Appendix 2: Personal data and GDPR in the context of AI

AI systems frequently rely on large datasets that may contain personal data. Data protection regulations, such as the EU General Data Protection Regulation (GDPR), apply to both the development and use of these systems. Relevant considerations for the auditor are:

  • Purpose limitation: Personal data must only be collected and used for a clear, specific purpose. Any further processing has to be compatible with the original purpose, with some limited exceptions. When an AI is trained on historical data (possibly collected before the project started), further processing of this kind must be covered by the original purpose.

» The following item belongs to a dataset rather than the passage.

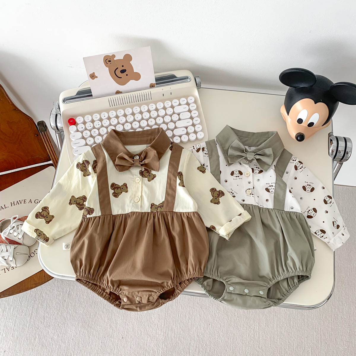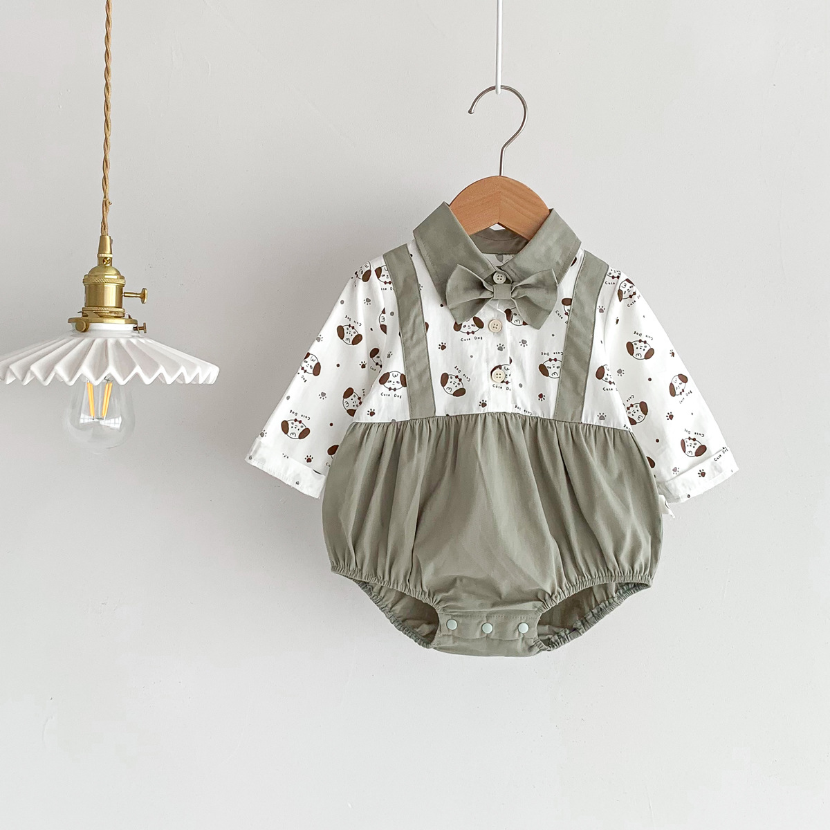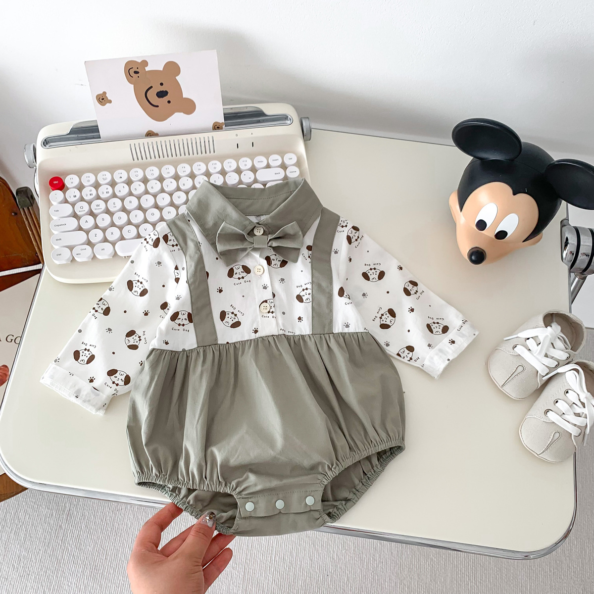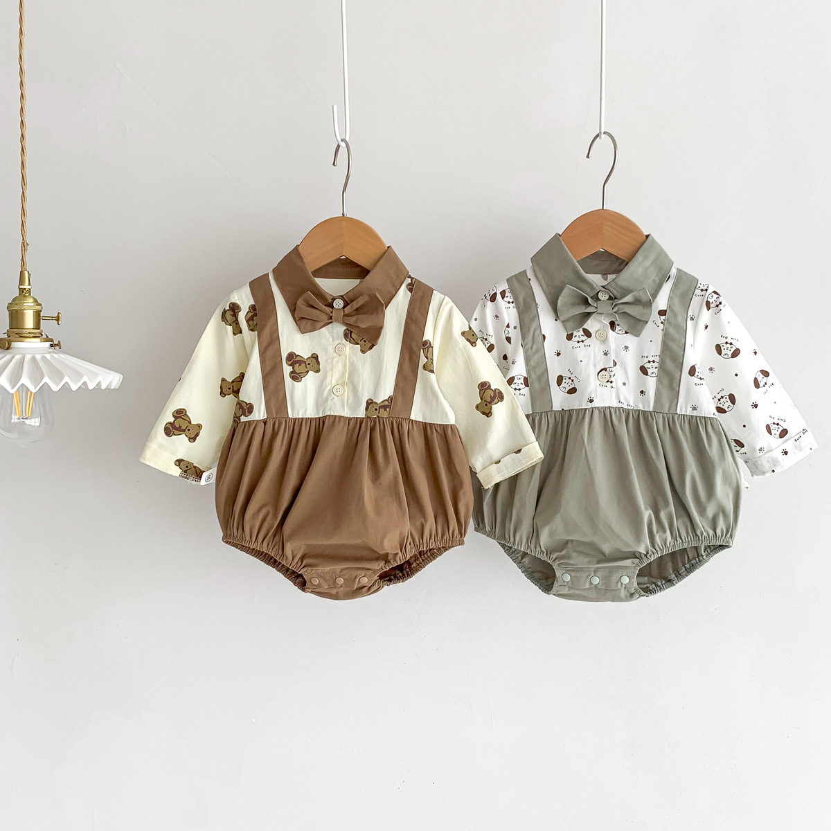 Mono del bebé otoño Niño de dibujos animados impreso ropa bebé recién nacido falso dos piezas Caballero pajarita camisa mameluco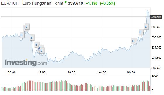 A forint euróval szemben valaha elért leggyengébb árfolyama a hétfői 338,82 forintos jegyzés volt. A dollár legmagasabb jegyzése a tavaly október eleji 308,20 forint volt, a svájci frank pedig a 2015 januári 333,01 forinton érte el a legmagasabb jegyzését.

  • Data minimisation: The use of personal data has to be limited to what is necessary to fulfil the purpose it was collected for. This applies to both the final model and any data used during testing or training. Auditors should check which data is used, its role in system performance, and how it is handled throughout development.
  • Proportionality: The amount and type of data used must be proportionate to the purpose and not overly intrusive. For example, using facial recognition to monitor school attendance is likely to be excessive.
  • Transparency: Explainable processes and decisions are a general requirement for public services, especially if personal data is involved. Personal data should be processed transparently.
  • The organisation developing and using the AI system is responsible for following data protection rules and complying with GDPR. If the AI poses a high risk to individuals’ rights, a data protection impact assessment (DPIA) is required. The DPIA should provide evidence that less risky alternatives have been considered. Auditors can usually check compliance by reviewing the documentation.